Preprint
Article

This version is not peer-reviewed.

The Impact of Visual Language Strategies in Public Art Creation on Community Spatial Perception and Public Behavior

Submitted:

10 February 2026

Posted:

11 February 2026

You are already at the latest version

Abstract
Artificial intelligence and intelligent algorithmic analysis have become important technical tools for interpreting visual information and modeling human–environment interactions in urban public spaces. As a typical form of visual intervention, public murals and graffiti reshape spatial visual structures, yet their influence on spatial cognition and public behavior has rarely been examined from a computable modeling perspective. This study aims to investigate how visual interventions affect community spatial cognition and public space behavior through quantifiable visual feature modeling.Based on mural and graffiti cases in multiple public spaces in Suzhou, a computational analysis framework is constructed by integrating visual feature encoding, spatial cognition modeling, and behavioral data analysis. Visual attributes such as thematic clarity, compositional order, and color contrast are encoded as feature vectors, while spatial cognition and public behavior are modeled using regression-based analytical methods. A quasi-experimental design with pre- and post-intervention comparisons is adopted, involving 268 participants across residential, campus-adjacent, and transitional public spaces.Experimental results show that structured visual interventions significantly enhance spatial legibility and environmental identification (p < 0.01), while public space usage frequency and behavioral normativity increase by over 20% after intervention. The findings demonstrate that visual interventions can be effectively interpreted and evaluated using computational modeling approaches, providing technical support for intelligent public space design and visual governance.
Keywords: 
;  ;  ;  ;  

1. Introduction

Artificial intelligence and intelligent algorithms have expanded the capacity of computational systems to analyze visual information as structured, quantifiable data, enabling more precise investigations of human perception and behavior in the built environment. In urban public spaces, visual configurations constitute a primary channel through which individuals perceive spatial order, recognize functional boundaries, and regulate everyday behavior. As visual interventions become increasingly intentional and systematized, their cognitive and behavioral implications require rigorous analytical examination rather than purely descriptive interpretation.Murals and graffiti are widely employed in community renewal practices; however, prior studies have largely emphasized aesthetic value, symbolic meaning, or qualitative social narratives, offering limited insight into how specific visual attributes operate as information structures that shape spatial cognition and public behavior. This study reframes public art interventions as transformations of spatial visual information and examines their measurable effects on environmental perception and behavioral patterns. Focusing on representative community spaces in Suzhou, the research adopts a quasi-experimental framework that integrates visual feature encoding, spatial cognition modeling, and behavioral observation. Visual attributes are translated into structured feature representations, enabling statistical analysis of their relationships with cognitive and behavioral indicators. By situating the analysis within a specific cultural and urban context, the study establishes a computable pathway linking visual structure, spatial perception, and public behavior, while also providing a basis for future comparative and longitudinal investigations across different cultural settings.

2. Theoretical Foundation

2.1. Public Art and Community Space

As a vital medium embedded within community public spaces, public art has expanded its function beyond aesthetic expression to encompass spatial cognition and behavioral guidance [2]. By reconstructing spatial information structures through visual language, public art creates an interdependent relationship among environmental perception, emotional attitudes, and behavioral choices. Its influence follows a progressive pathway of "visual intervention—cognitive regulation—behavioral feedback," as illustrated in Figure 1.
From a functional hierarchy perspective, public art simultaneously fulfills multiple roles within community spaces: reinforcing spatial recognition at the physical level, strengthening emotional connections to the environment at the psychological level, and providing implicit order cues at the behavioral level. This achieves flexible guidance of public space usage patterns [3].These functions are not isolated but exhibit a layered, progressive structure from surface to depth. Their hierarchical mapping within community spaces is illustrated in Figure 2.

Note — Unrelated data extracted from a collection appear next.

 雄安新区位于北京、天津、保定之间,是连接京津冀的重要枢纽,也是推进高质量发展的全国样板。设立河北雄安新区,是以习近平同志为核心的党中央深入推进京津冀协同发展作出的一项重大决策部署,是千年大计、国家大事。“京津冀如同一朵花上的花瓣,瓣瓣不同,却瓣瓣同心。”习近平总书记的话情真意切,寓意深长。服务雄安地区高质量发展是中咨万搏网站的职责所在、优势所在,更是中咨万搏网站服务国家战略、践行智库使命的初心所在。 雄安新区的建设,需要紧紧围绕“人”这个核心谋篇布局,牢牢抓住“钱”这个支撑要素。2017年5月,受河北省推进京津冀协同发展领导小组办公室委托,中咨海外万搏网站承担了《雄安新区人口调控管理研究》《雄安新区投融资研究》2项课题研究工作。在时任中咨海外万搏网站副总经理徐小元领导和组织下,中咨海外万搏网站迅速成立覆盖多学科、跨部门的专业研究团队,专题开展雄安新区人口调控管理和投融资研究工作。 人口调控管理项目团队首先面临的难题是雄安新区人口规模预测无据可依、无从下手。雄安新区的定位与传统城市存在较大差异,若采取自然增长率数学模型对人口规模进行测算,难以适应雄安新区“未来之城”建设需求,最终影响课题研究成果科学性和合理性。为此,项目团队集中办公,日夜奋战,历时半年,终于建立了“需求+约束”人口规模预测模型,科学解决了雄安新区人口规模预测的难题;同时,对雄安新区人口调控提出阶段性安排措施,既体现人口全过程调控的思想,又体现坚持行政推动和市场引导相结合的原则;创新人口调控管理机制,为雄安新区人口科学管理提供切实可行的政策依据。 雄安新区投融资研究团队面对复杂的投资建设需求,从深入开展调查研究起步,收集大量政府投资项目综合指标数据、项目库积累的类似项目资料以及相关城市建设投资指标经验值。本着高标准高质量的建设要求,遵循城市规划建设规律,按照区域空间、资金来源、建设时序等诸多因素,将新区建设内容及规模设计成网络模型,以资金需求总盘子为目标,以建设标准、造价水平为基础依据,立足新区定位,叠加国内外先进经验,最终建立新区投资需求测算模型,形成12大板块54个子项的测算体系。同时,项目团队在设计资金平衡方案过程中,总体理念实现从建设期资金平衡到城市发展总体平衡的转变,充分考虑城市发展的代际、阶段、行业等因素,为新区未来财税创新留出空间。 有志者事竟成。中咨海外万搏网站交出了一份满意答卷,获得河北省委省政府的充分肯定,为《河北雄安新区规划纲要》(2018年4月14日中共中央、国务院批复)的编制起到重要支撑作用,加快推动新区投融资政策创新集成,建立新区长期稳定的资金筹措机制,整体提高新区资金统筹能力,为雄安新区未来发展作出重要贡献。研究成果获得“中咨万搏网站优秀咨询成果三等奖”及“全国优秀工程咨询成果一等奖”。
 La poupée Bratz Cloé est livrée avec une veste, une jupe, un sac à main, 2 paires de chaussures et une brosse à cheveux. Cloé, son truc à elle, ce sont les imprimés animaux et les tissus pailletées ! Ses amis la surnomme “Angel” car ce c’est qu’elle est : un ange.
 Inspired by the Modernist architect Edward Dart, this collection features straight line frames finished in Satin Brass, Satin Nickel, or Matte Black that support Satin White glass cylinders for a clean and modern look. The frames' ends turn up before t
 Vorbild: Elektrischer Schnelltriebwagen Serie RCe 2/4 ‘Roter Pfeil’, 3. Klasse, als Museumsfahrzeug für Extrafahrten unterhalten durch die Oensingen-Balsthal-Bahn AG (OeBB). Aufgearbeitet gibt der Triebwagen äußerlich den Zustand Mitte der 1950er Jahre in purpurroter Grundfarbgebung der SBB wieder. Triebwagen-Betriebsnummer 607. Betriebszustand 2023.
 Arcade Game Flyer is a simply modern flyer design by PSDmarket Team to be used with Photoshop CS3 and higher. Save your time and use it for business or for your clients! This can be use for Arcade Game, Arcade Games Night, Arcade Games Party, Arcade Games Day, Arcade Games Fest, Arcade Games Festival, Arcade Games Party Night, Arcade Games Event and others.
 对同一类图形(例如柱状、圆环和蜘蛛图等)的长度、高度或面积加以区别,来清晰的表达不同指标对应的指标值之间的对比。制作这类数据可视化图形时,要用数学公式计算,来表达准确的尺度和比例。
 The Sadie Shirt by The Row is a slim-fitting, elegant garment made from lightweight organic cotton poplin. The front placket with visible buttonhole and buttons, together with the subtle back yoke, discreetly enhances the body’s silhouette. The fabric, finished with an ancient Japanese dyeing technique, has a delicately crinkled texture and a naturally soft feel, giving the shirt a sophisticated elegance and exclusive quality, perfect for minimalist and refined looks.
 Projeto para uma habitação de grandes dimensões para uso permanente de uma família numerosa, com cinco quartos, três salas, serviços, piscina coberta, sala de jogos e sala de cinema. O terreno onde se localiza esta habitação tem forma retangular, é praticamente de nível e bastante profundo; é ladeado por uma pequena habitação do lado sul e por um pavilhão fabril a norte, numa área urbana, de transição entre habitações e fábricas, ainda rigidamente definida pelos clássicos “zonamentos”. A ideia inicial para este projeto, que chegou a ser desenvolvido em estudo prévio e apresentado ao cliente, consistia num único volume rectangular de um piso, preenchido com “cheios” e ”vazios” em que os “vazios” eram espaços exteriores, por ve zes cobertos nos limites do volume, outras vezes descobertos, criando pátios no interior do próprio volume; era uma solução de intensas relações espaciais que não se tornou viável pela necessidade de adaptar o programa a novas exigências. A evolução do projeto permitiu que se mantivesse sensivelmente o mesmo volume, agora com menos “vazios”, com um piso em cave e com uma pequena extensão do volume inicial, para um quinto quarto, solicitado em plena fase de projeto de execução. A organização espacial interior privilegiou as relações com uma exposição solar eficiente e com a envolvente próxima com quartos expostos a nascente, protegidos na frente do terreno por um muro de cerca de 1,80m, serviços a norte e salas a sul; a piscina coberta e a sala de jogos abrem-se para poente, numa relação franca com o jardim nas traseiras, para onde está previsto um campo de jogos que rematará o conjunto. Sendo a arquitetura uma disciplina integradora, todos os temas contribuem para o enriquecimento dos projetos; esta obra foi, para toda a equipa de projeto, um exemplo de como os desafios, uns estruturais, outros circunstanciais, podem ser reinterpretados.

2.2. Visual Intervention and Spatial Cognition

Visual interventions reconstruct spatial information structures through organized visual language, influencing individuals' perception of spatial organization and order. Murals and graffiti utilize color, composition, and thematic narratives to reinforce spatial cues, making environmental information more perceptible and understandable [4]. Quantitatively, spatial cognitive intensity can be expressed as a function of visual elements and individual perceptual weighting, represented by the following equation:
C i = j = 1 n w j υ i j
where C i represents the comprehensive spatial cognition level of individual i , υ i j denotes the perceived intensity of visual element category j , w j is the cognitive weight assigned to the corresponding visual element, and n is the number of visual element categories[5].
Visual intervention reduces cognitive load in spatial comprehension by enhancing the recognizability of spatial cues. This relationship can be expressed as:
L = 1 C i + ε
where L represents the cognitive load level, and ε is a constant preventing the denominator from becoming zero [6].
As spatial cognition improves, individuals' spatial direction judgments and functional understanding stabilize, thereby enhancing environmental recognition. This trend can be approximated as:
I = α C i + β
where I represents environmental identification, and α and β denote regression coefficients.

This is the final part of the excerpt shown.